Start of Block
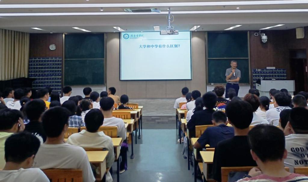 9月14日晚,人文社科学院党委副书记、院长赖日勇为新生作了题为“如何成长为更优秀的自己”的入学教育专题讲座,学工办辅导员及全体新生到场聆听。
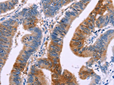 The image on the left is immunohistochemistry of paraffin-embedded Human colon cancer tissue using CSB-PA176280(DUSP13 Antibody) at dilution 1/50, on the right is treated with fusion protein. (Original magnification: ×200)
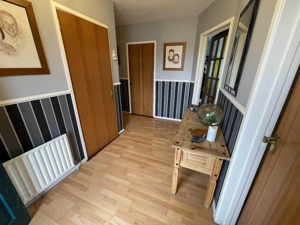 Entrance Hall Entered via a wooden front door with glass side panels to spacious hallway, with laminate wooden floor and cloakroom storage.
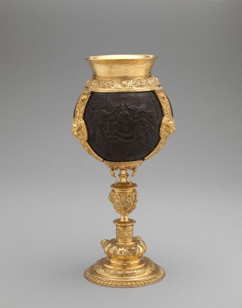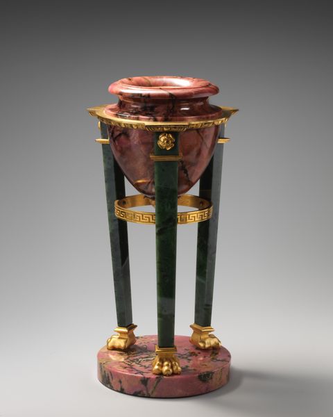 Curator: Here we have an intriguing artifact: a black lacquered candlestick, crafted from bronze or metal before 1812, adorned with delicate floral patterns. Editor: It strikes me as somewhat austere, even gothic, despite the flowers. The tall, columnar form combined with the black lacquer gives it a solemn feel, punctuated by those small, almost hesitant, floral designs. Curator: Indeed, the juxtaposition is compelling. Consider the symbolic weight of light itself: historically, it's represented enlightenment, hope, even divinity. This candlestick, designed to hold that light, becomes a vehicle for profound concepts. Editor: The flowers then take on added significance. In contrast to the dominant black, these motifs may carry emotional cultural or even spiritual symbolism. Could these painted flowers represent hope? The persistence of beauty even in the face of… well, darkness? Curator: It’s worth noting how the basic structure mimics classical architectural columns. This echoes through art history; that sturdy base supports this symbolic world. The patina suggests use. Each imperfection tells its own story. Editor: Perhaps each flower marks an event, or symbolizes a specific sentiment held by its owner? Each petal, each brushstroke contributes. And given that the candlestick’s materiality and making indicates decorative-art alongside baroque stylistic tendencies… one really can't help but think about the narratives it has illuminated. Curator: A wonderful image conjured. The object then becomes a mirror reflecting the lives and stories it has touched across generations, a humble vessel holding untold volumes. Editor: It definitely brings so many stories into perspective. Thanks to decoding the candlestick, its unique qualities truly reveal a cultural memory.
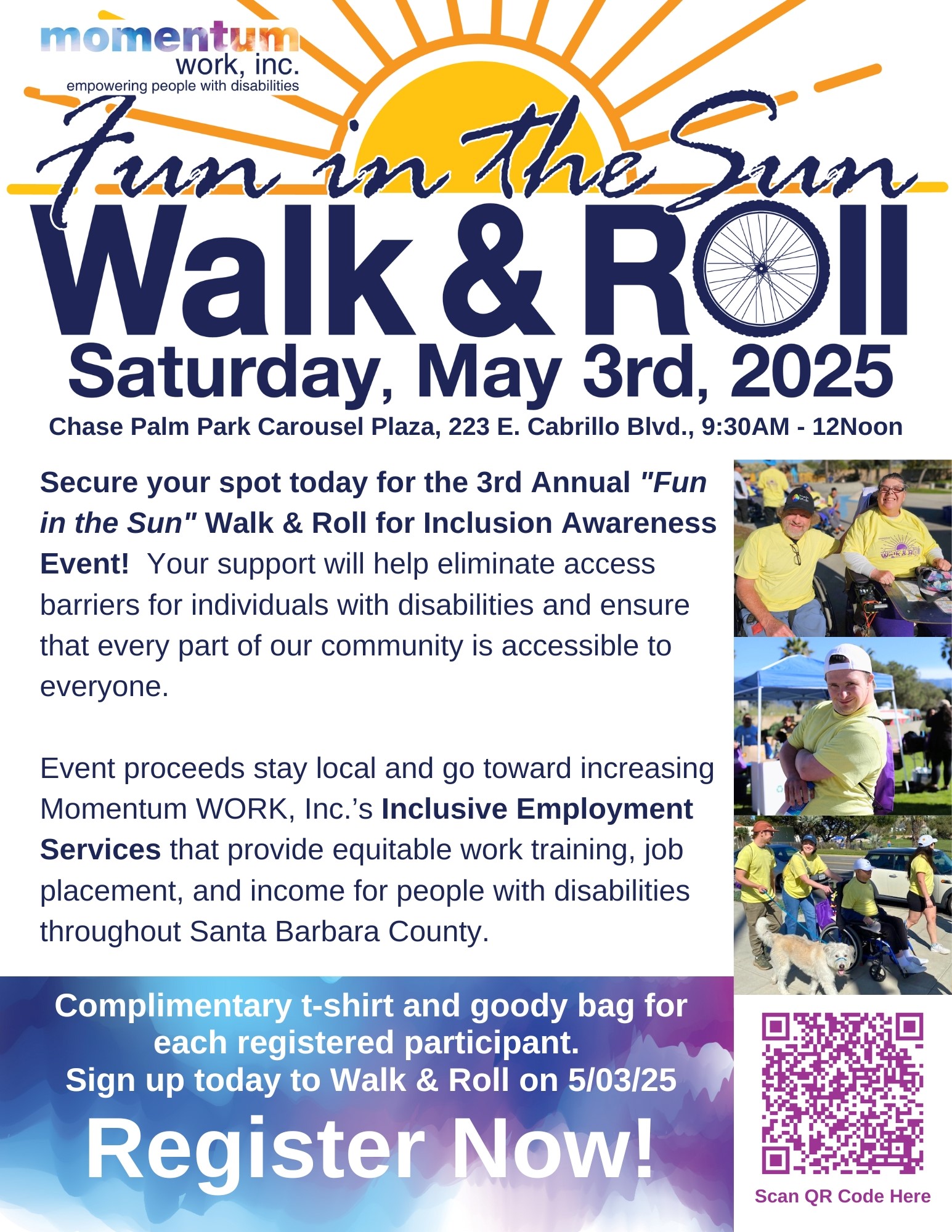 The “Fun in the Sun” Walk & Roll for Inclusion Awareness Event needs your support to help eliminate access barriers for individuals with disabilities and ensure that every part of our community is accessible to everyone.
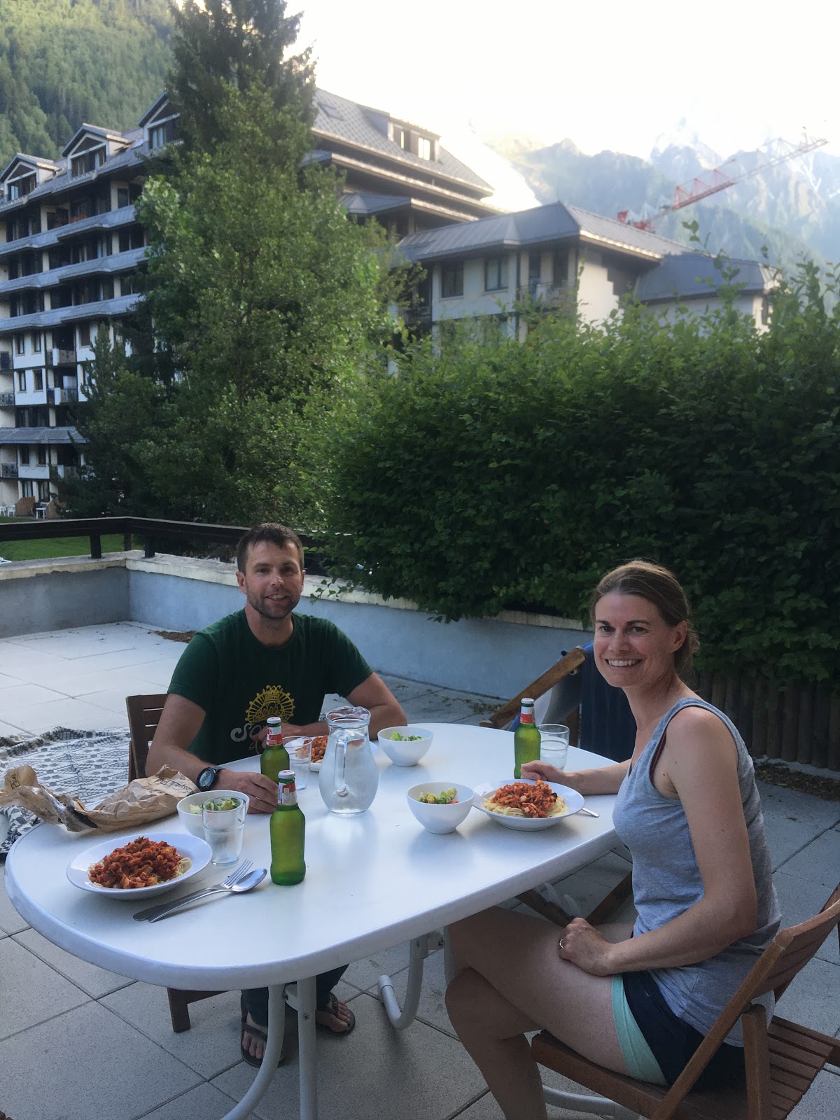 Back in the valley, the heat was intense, but shady enough to enjoy dinner outside as always. (Since arriving here, we not eaten indoors yet).
End of Block
## PROBLEM
Keeping both end lines, retype exactly the lines from the first line of the material through the line that contains "The image on", but not the pictures.

## PROBLEM SOLUTION
 9月14日晚,人文社科学院党委副书记、院长赖日勇为新生作了题为“如何成长为更优秀的自己”的入学教育专题讲座,学工办辅导员及全体新生到场聆听。
 The image on the left is immunohistochemistry of paraffin-embedded Human colon cancer tissue using CSB-PA176280(DUSP13 Antibody) at dilution 1/50, on the right is treated with fusion protein. (Original magnification: ×200)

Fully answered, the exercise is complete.